▶ The problem
Below are the records to retype. Keep every character exactly and leave out the pictures.

▶ Collected data
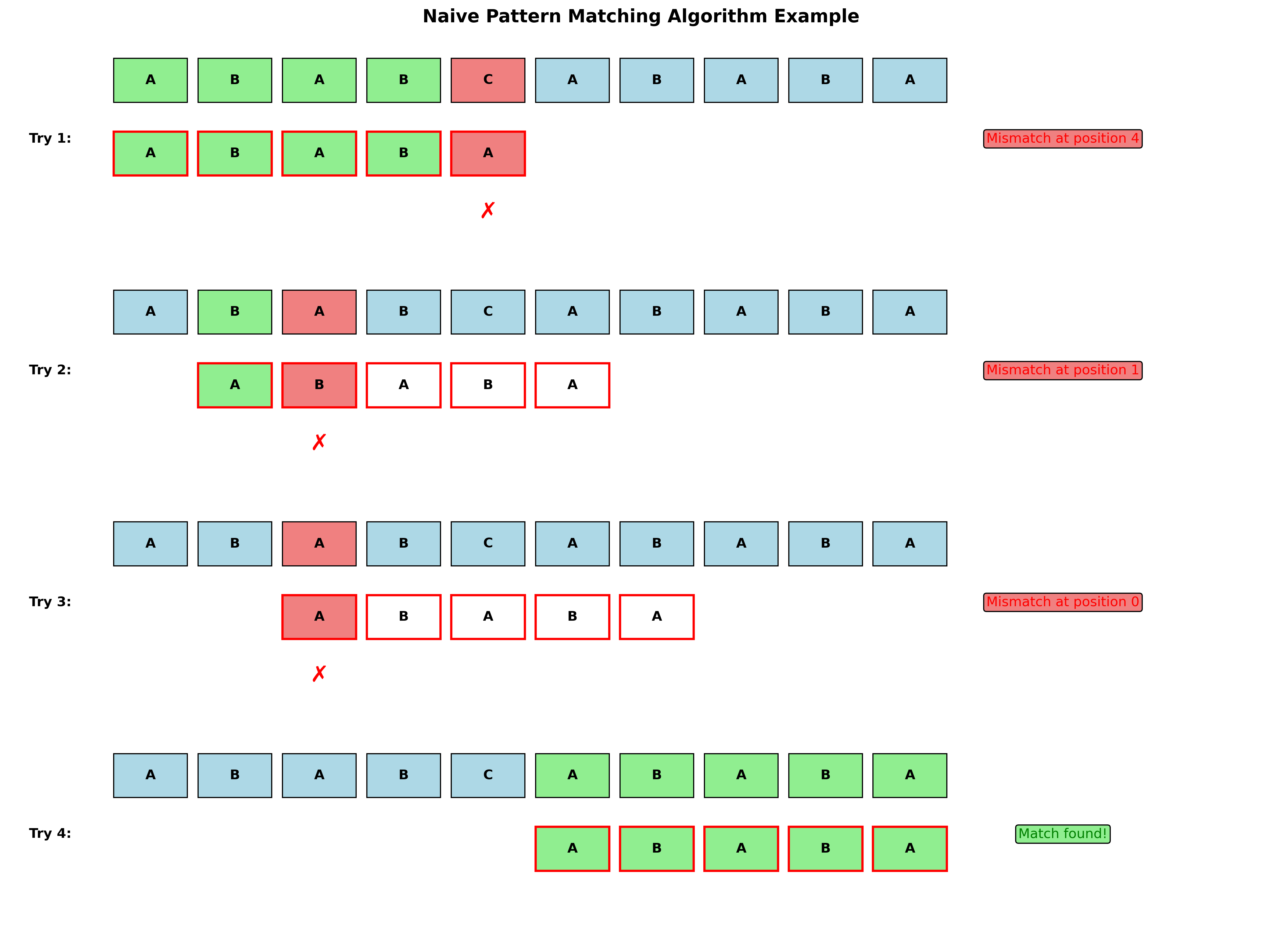 - 匹配失败:\((p_j \neq t_i)\)时,将\(P\)右移再行比较,尝试所有的可能情况
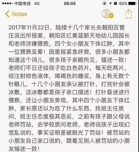 據有關消息,北京朝陽區紅黃藍幼兒園被曝出群體猥褻幼兒,出現給孩子喂不明白色藥片,喝褐色糖漿、脫光衣服體罰等虐待兒童行為。
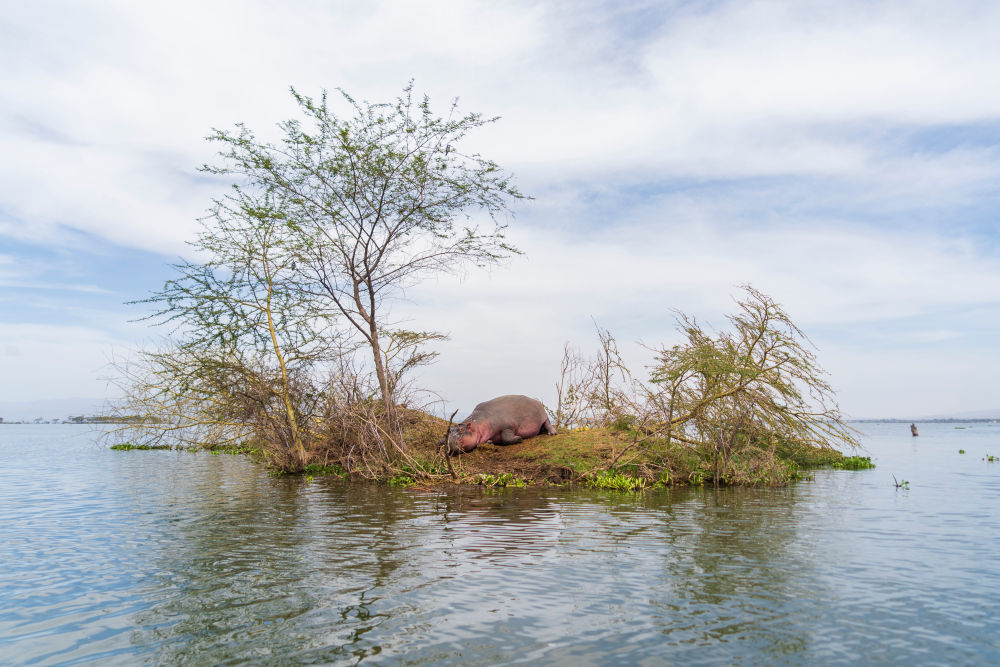 ↑在肯尼亞納庫(kù)魯郡,一只河馬在奈瓦沙湖中一座小島上休息(2月1日攝)。
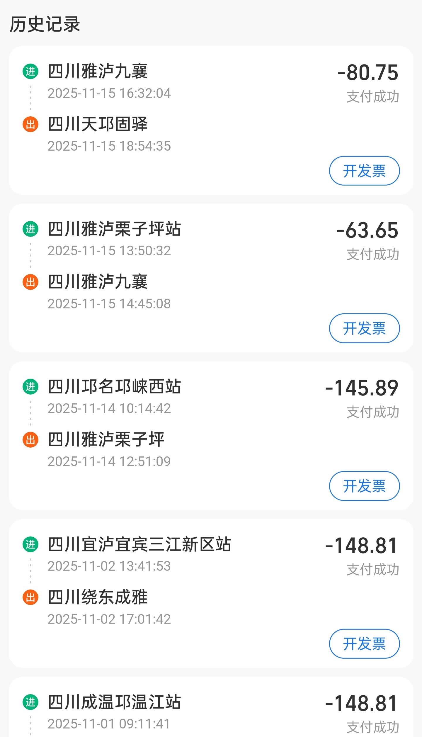 长途主要跑贵州、宜宾、川西等地方,拉了一下ETC记录,全年高速费1853.87元。
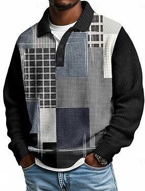 Муж. В клетку Рубашки-поло из вафельной ткани Рубашка для гольфа Длинный рукав Футболки поло Рубашки с воротником На каждый день Одежда для отпуска Официальная одежда Праздничная одежда Пуговицы 3D
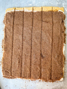 On a lightly floured surface, roll dough into a 12×15-inch rectangle with the 12-inch edges being the bottom and top. Use a tape measure or ruler if needed to measure. Trim any excess edges if needed to get a clean line.
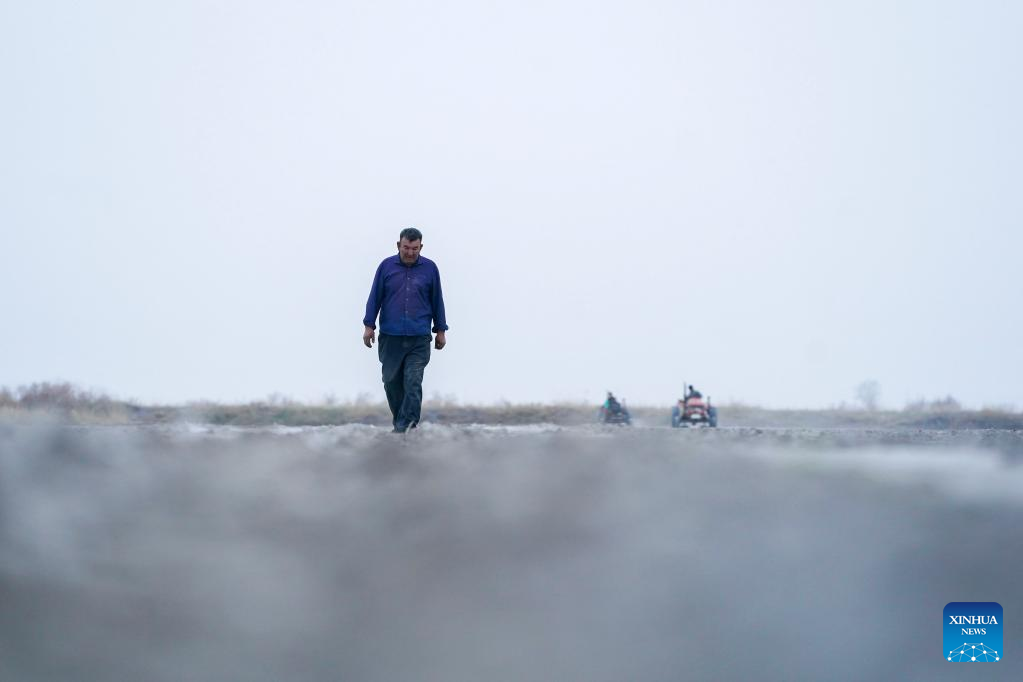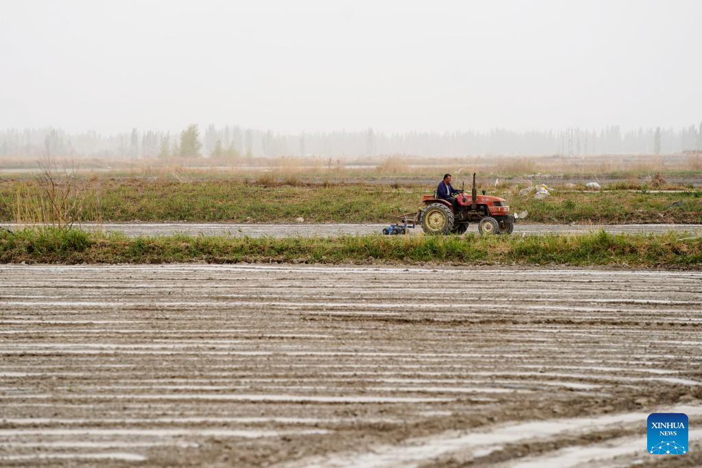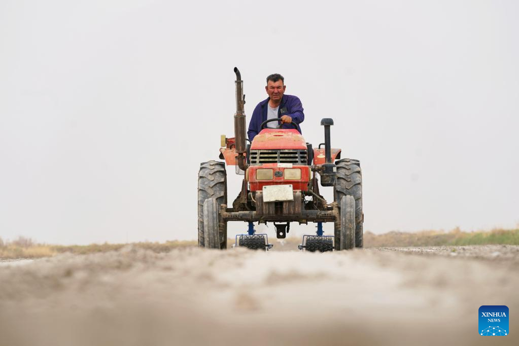 Arkin Reyim operates a scarifier to loosen the soil at a cotton field in the Bax Mali Village of Yuli County, northwest China's Xinjiang Uygur Autonomous Region, April 21, 2023. (Xinhua/Zhao Ge)
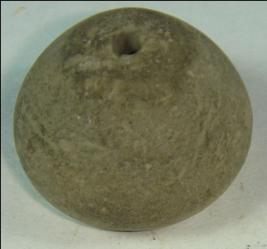 | Description / विवरण | Small terracotta bead with betel nut body and flat base. It has perforated hole in centre and surrounded with striation marks. It is semi fine and has a depression at base. |

▶ Your response
 - 匹配失败:\((p_j \neq t_i)\)时,将\(P\)右移再行比较,尝试所有的可能情况
 據有關消息,北京朝陽區紅黃藍幼兒園被曝出群體猥褻幼兒,出現給孩子喂不明白色藥片,喝褐色糖漿、脫光衣服體罰等虐待兒童行為。
 ↑在肯尼亞納庫(kù)魯郡,一只河馬在奈瓦沙湖中一座小島上休息(2月1日攝)。
 长途主要跑贵州、宜宾、川西等地方,拉了一下ETC记录,全年高速费1853.87元。
 Муж. В клетку Рубашки-поло из вафельной ткани Рубашка для гольфа Длинный рукав Футболки поло Рубашки с воротником На каждый день Одежда для отпуска Официальная одежда Праздничная одежда Пуговицы 3D
 On a lightly floured surface, roll dough into a 12×15-inch rectangle with the 12-inch edges being the bottom and top. Use a tape measure or ruler if needed to measure. Trim any excess edges if needed to get a clean line.
 Arkin Reyim operates a scarifier to loosen the soil at a cotton field in the Bax Mali Village of Yuli County, northwest China's Xinjiang Uygur Autonomous Region, April 21, 2023. (Xinhua/Zhao Ge)
 | Description / विवरण | Small terracotta bead with betel nut body and flat base. It has perforated hole in centre and surrounded with striation marks. It is semi fine and has a depression at base. |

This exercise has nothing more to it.